特么,还能更憋屈更窝囊吗?当医生这么些年,听说过蛮不讲理的家属,见识过奇葩患者,发生到自己的身上,还是有种被双开大门挤到脑子的蛋疼感。
“干什么呢!停下!都给我停下!”
“住手!公然在医院暴打医生,反了天了!”
终于……
在孟西洲被打出脑震荡之前,保安和医院领导姗姗来迟,制止了两个泼妇和泼妇亲友的殴打。
四个保安拧住两个女人的手臂,“还想打人呢!”
女人红了眼,双手双脚不断踢打,手被反剪,抬腿踢掉鞋子要砸孟西洲,被他躲开了。
“放开我!放开我!孟西洲我跟你没完!你等着,你给我等着!”
患者生母披头散发,衬衣的领子在扭打中撤掉了两颗扣子,衣衫狼狈的半敞开,露出里面的贴身衣服,骂骂咧咧的诘问孟西洲。
而患者的姑妈两只鞋都掉了,袜子松松垮垮堆在脚踝处,“打啊!你接着打啊!让大家看看你是什么人!”
孟西洲双手揉着酸胀的脑袋,他已经没心情也没力气去计较,疯女人骂的是他还是那女的。
十分钟后……
“嘶……疼,轻点轻点。”
孟西洲脸上的巴掌痕迹也没消,似乎肿的更厉害了,眼睛斜下方被坚硬的东西刮了个小口子,渗出不少血水。
处理伤口的女医生小心再小心,捏着消毒棉签都敢碰到他,“你忍一忍,我得先帮你清理血迹。”
孟西洲疼的直皱眉头,一皱眉扯到了伤口,疼的他又呲牙,“刘大夫,我不会留下疤痕吧?你是咱们医院最好的缝合大夫,我的脸交给你了,你得对我的脸负责。”
刘大夫轻轻的帮他脸上的伤口吹凉气,一点点蹭掉血迹,听闻他这么耍赖,噗嗤笑了,“孟大夫想找人负责,大可以去护士站啊,或者你们心外科,别说你的脸了,她们巴不得为你的整个人生负责呢,哦,对了,据说消化科也有很多你的迷妹。”

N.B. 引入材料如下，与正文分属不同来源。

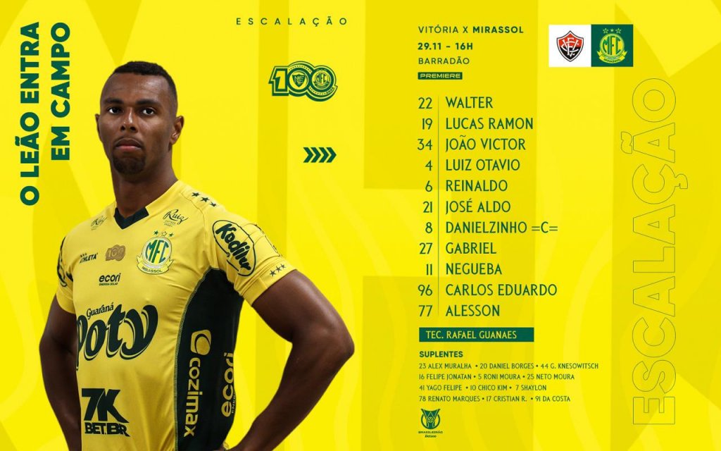 Confira as escalações oficiais de Vitória x Mirassol pela 36ª rodada do Brasileirão

孟西洲嘶嘶倒抽冷气,“我可是正人君子,能跟她们胡闹吗?我可不敢耽误人家……哎呦,你别偷袭我!疼死了。”
刘大夫丢掉手里沾了血的棉球,给他喷了点云南白药,“得了吧孟大夫,你要是正人君子,母猪都会上树了,你这张脸注定君子不了。”
孟西洲左眼疼的厉害,只能半眯着,抬头看到窗外站着心外的副主任,他憨笑示意,“领导,我这个算工伤吗?”
副主任黑着脸,眼睛里面的红血丝爆裂开,“孟西洲,你是不是傻?!”
莫名被骂,孟西洲懵了,“副主任,我怎么了我?我都快毁容了。”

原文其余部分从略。